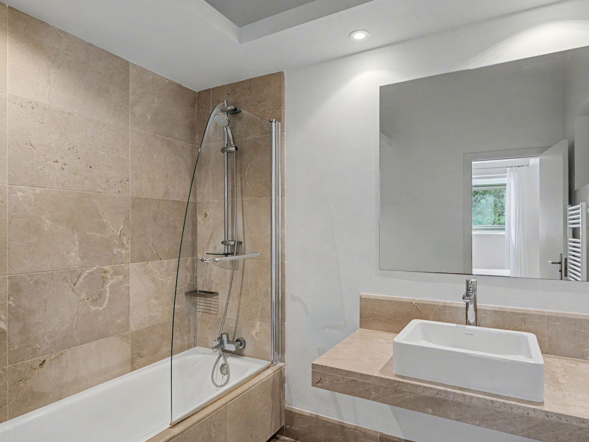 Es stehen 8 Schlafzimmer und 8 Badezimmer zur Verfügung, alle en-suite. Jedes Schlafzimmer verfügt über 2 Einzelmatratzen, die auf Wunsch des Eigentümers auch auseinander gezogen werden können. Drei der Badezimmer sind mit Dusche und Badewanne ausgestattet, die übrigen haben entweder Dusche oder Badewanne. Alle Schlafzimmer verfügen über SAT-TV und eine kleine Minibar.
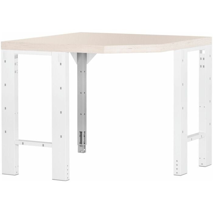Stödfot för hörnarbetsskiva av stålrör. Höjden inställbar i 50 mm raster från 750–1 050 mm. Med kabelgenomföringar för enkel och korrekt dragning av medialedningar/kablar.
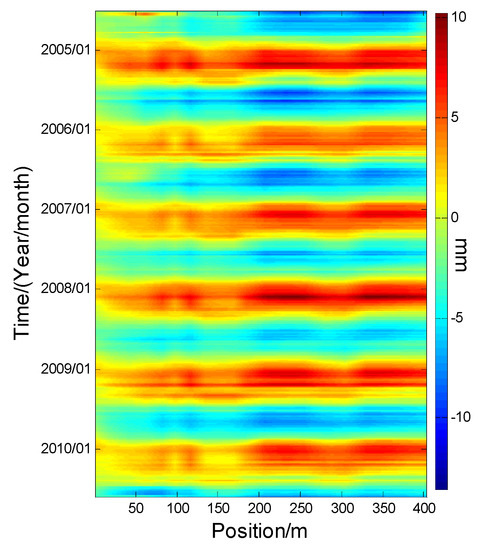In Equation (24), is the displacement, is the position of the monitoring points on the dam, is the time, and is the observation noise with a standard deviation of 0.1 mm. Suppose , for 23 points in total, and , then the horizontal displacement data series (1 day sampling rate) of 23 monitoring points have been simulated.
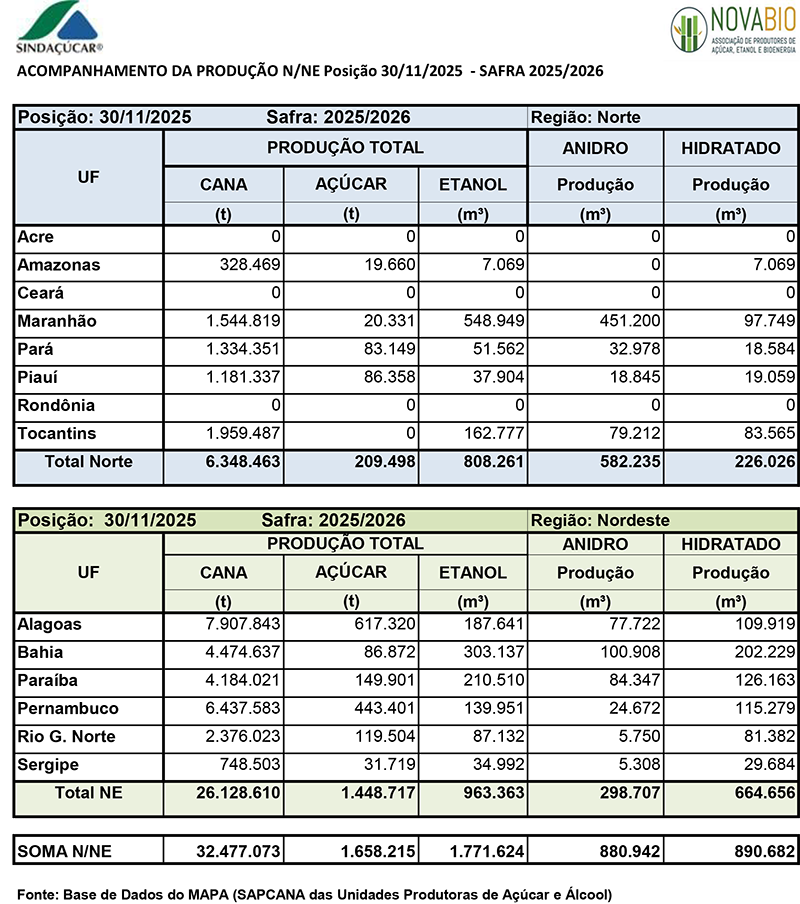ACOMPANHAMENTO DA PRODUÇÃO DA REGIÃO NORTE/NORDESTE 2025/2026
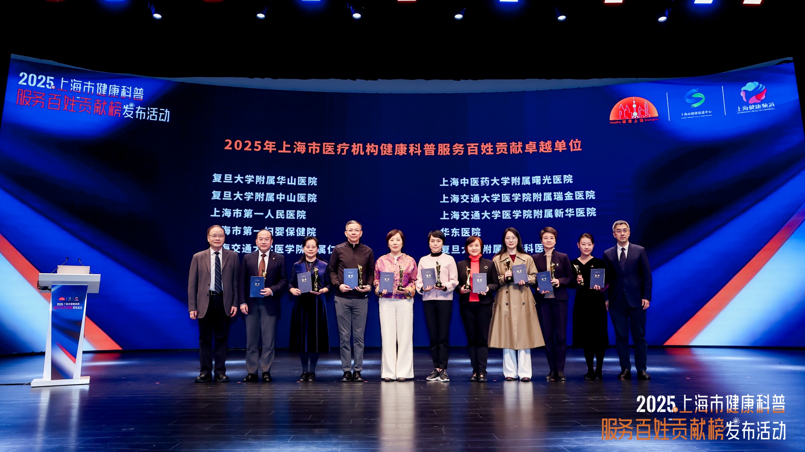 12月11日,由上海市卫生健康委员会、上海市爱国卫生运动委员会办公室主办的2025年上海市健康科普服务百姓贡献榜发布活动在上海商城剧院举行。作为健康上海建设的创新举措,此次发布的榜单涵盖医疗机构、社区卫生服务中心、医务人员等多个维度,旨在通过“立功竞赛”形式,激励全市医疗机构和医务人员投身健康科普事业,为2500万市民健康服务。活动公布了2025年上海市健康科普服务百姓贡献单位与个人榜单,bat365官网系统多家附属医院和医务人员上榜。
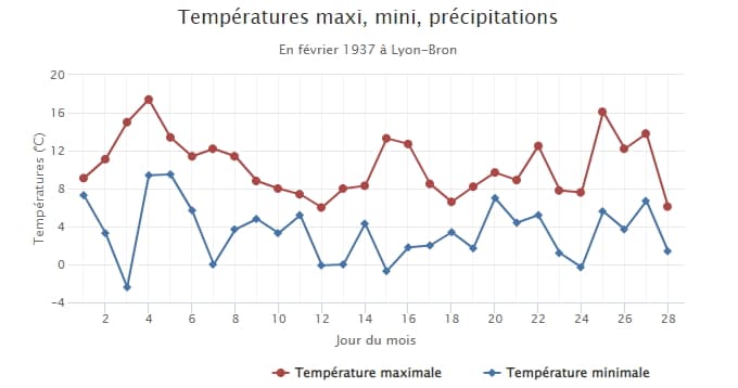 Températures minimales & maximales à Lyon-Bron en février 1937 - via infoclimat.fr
==================================================
• Problem to solve:
Exclude all pictures and reproduce exactly the lines from the one containing "12月11日,由上海市卫生健" through the final line of the entries above.

• Exercise result:
 12月11日,由上海市卫生健康委员会、上海市爱国卫生运动委员会办公室主办的2025年上海市健康科普服务百姓贡献榜发布活动在上海商城剧院举行。作为健康上海建设的创新举措,此次发布的榜单涵盖医疗机构、社区卫生服务中心、医务人员等多个维度,旨在通过“立功竞赛”形式,激励全市医疗机构和医务人员投身健康科普事业,为2500万市民健康服务。活动公布了2025年上海市健康科普服务百姓贡献单位与个人榜单,bat365官网系统多家附属医院和医务人员上榜。
 Températures minimales & maximales à Lyon-Bron en février 1937 - via infoclimat.fr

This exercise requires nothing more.